Energy consumption variable shows a decrease by almost 50% which is expected with a decrease in energy supply that will be created due to the shortage of energy. While energy efficiency increases to a small extent for the next two years and then remains constant until the 5th year mark. There is a minimal change in the growth of economic health over the 5-year period while the most amount of fluctuation is shown in energy intensity as it decreases over the span of time. Each of these output variables affects each other directly or indirectly with respect to the increase in energy shortage to 30%. With an increase in energy shortage to 30%, it will significantly increase the energy cost, which will impair its affordability.

As a result, the energy consumption has hit the lowest limit set by the simulated model. Hence, this will result in rising electricity tariff to the dissatisfaction of consumers. In turn, consumer dissatisfaction will affect the socio-economic dimension of ES making it vulnerable for the nation. Socio-economic dimension of ES is given top priority in a developing country like Malaysia hence it is necessary to ensure that this dimension does not deteriorate much. The only positive effect that can be drawn from this scenario is that the increase in energy cost will indirectly cause a decrease in energy wastage, resulting in an increase in energy efficiency by a small margin shown in Fig. 7. While the decrease in energy consumption is expected to cause the growth in economic health to decrease, thus hitting its lowest point with an approximation of 3%. A reduction in energy intensity can be seen at 85% in the 5 years mark.

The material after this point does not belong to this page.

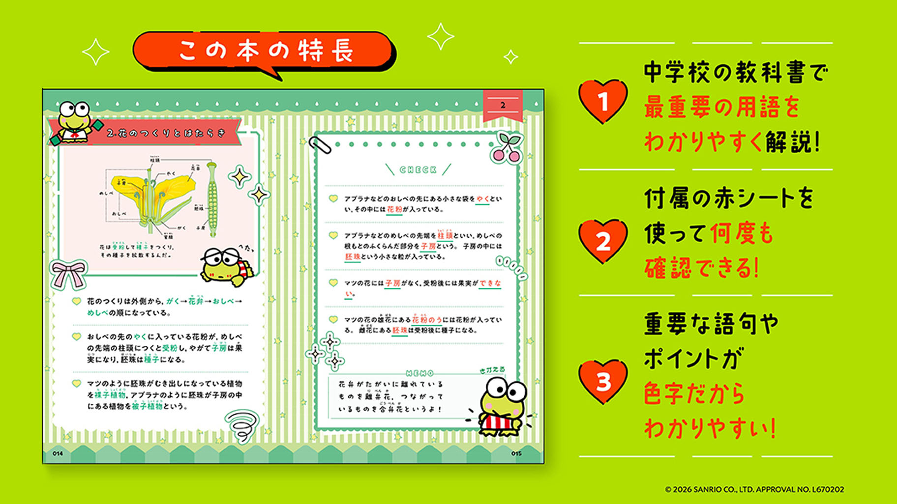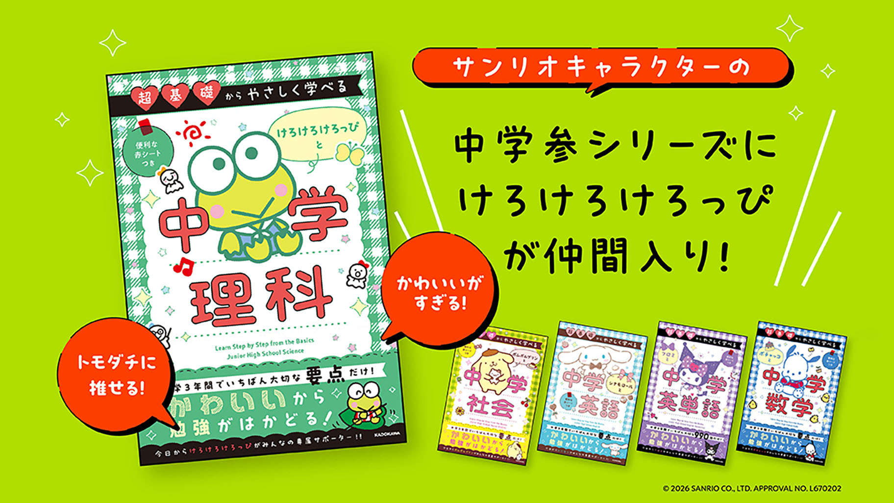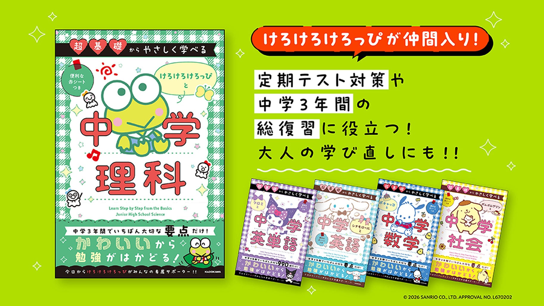 「やさしめ&要点整理」のサンリオキャラクターの中学参シリーズから『超基礎からやさしく学べる けろけろけろっぴと中学理科』が登場したよ!

A key relation that can be established is energy shortage causes a decrease in energy consumption as well as a growth in economic health which leads to reduced energy wastage. In this context, less energy wastage is seen as the only positive outcome as it leads to an increase in energy efficiency. Subsequently, the increase in energy efficiency is an opportunity to improve Malaysia’s ES though it still hampers the growth in economic health and leading to less consumption of energy for different sectors. There is a mixed response of this scenario towards the Malaysia’s ES as a whole as it will be more harmful than beneficial for the country.

7 Conclusion

This paper provided an insight on how energy shortage in Malaysia can impact the three dimensions of Malaysia’s ES. Currently there is no policy in place for Malaysia to specifically address ES, it is difficult to effectively manage and monitor the country’s ES, as demonstrated through different scenarios proposed in this paper. Statutory body like the Energy Commission, regulatory body like SEDA, and the Ministry of Energy and Natural Resources provided mitigation plans to address different ES related crisis, but a nationwide approach is yet to be seen. The simulated scenario in this paper demonstrated an impact that a change in variables (e.g. energy shortage) can have on ES indicators such as energy consumption, energy efficiency, growth in economic health, and energy intensity. The results suggest that there will be an overall damage to the ES in terms of a sustained decrease in energy consumption and slight decreases in energy intensity and growth in economic health. There will be a marginal increase in energy efficiency due to an indirect effect of increasing energy costs, which can be drawn as the only positive outcome from the crisis scenario. The results suggest an urgent need to strategize against ES challenges in the near future and in addressing energy shortage in the context of ES via appropriate policies. This is a dynamic process hence the indicators and values need to be monitored based upon the quantitative data available to the public by energy agencies. Further research in the dimensional indicators and its causal relation will allow the model to be improved and validated further to understand different aspects of Malaysia’s ES and its contribution to future energy policy-making for a better and sustainable development.